In the records below, the relevant part opens with the line containing "有了分镜词,下一步用豆包生成" and closes with the line containing "星光潮汐定你出生那天的月亮生日礼物男女生蓝牙音响相摆件音乐盒"; print that part exactly and only, without its pictures.

**MATERIAL PROVIDED**

----------------

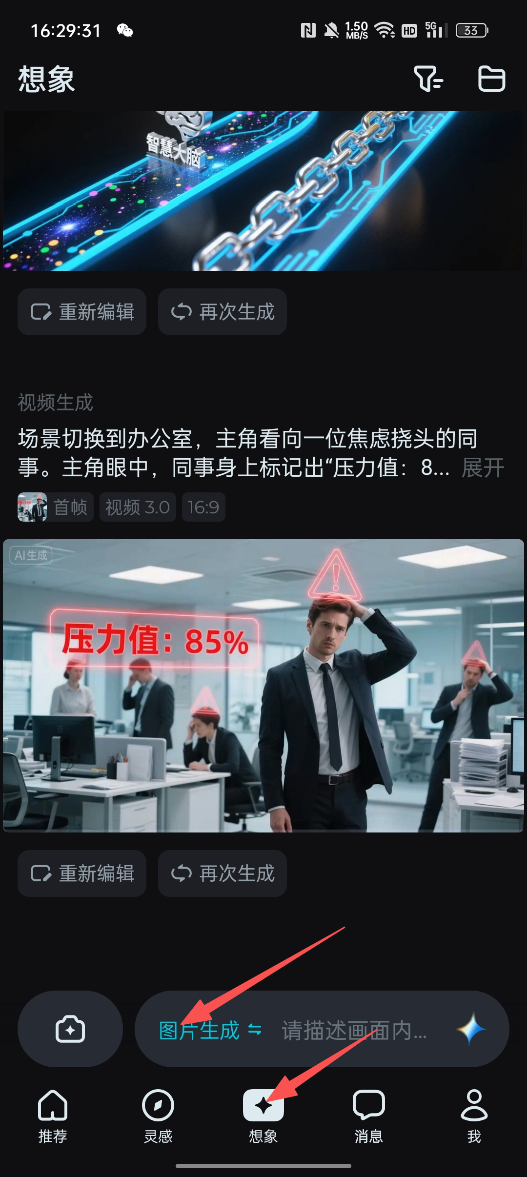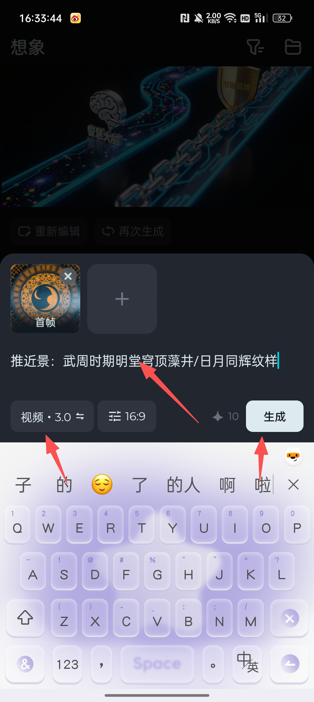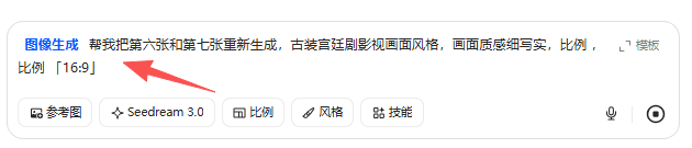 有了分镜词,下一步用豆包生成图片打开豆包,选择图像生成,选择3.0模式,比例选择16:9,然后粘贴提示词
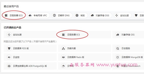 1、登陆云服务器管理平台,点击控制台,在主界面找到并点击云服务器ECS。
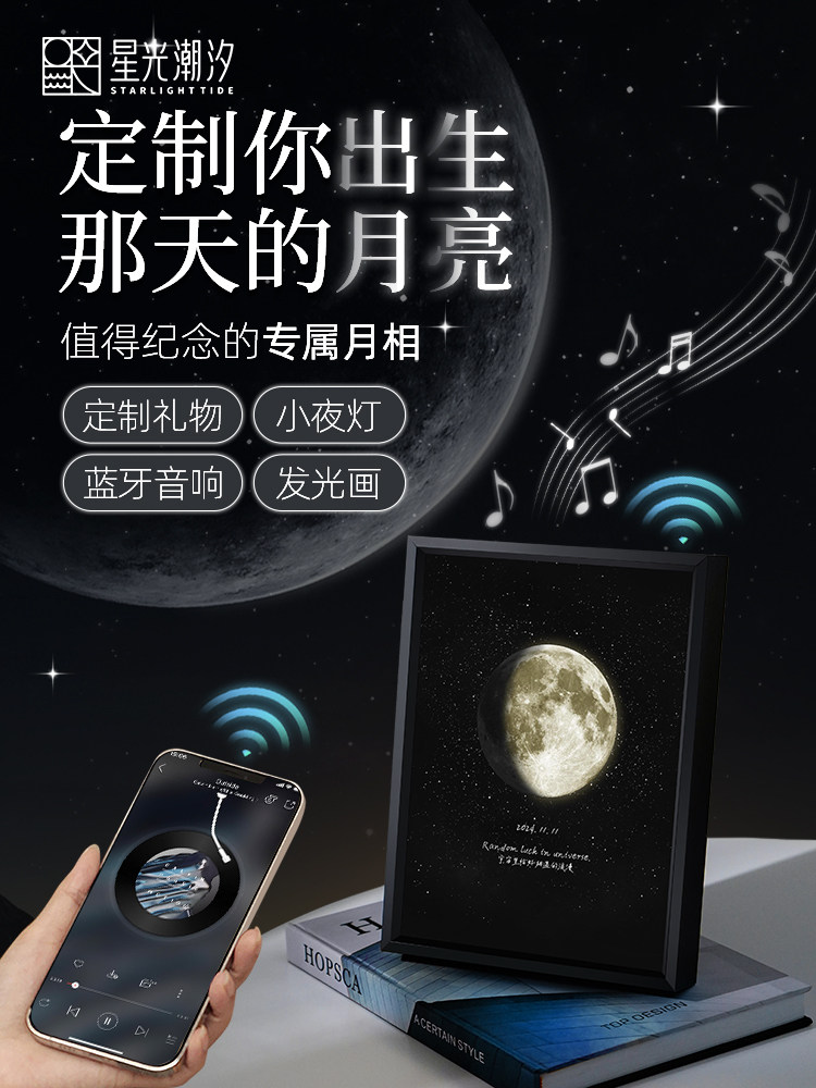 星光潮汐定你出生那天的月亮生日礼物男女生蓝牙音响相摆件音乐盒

----------------

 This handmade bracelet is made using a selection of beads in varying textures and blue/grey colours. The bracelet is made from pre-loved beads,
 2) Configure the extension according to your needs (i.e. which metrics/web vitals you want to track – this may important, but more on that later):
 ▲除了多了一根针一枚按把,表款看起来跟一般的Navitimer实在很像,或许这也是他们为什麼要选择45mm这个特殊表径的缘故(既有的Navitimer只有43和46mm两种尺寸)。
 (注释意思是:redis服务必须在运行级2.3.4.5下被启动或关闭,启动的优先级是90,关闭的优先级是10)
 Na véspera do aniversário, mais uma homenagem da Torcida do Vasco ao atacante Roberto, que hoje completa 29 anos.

----------------

**SOLVED EXERCISE**
 有了分镜词,下一步用豆包生成图片打开豆包,选择图像生成,选择3.0模式,比例选择16:9,然后粘贴提示词
 1、登陆云服务器管理平台,点击控制台,在主界面找到并点击云服务器ECS。
 星光潮汐定你出生那天的月亮生日礼物男女生蓝牙音响相摆件音乐盒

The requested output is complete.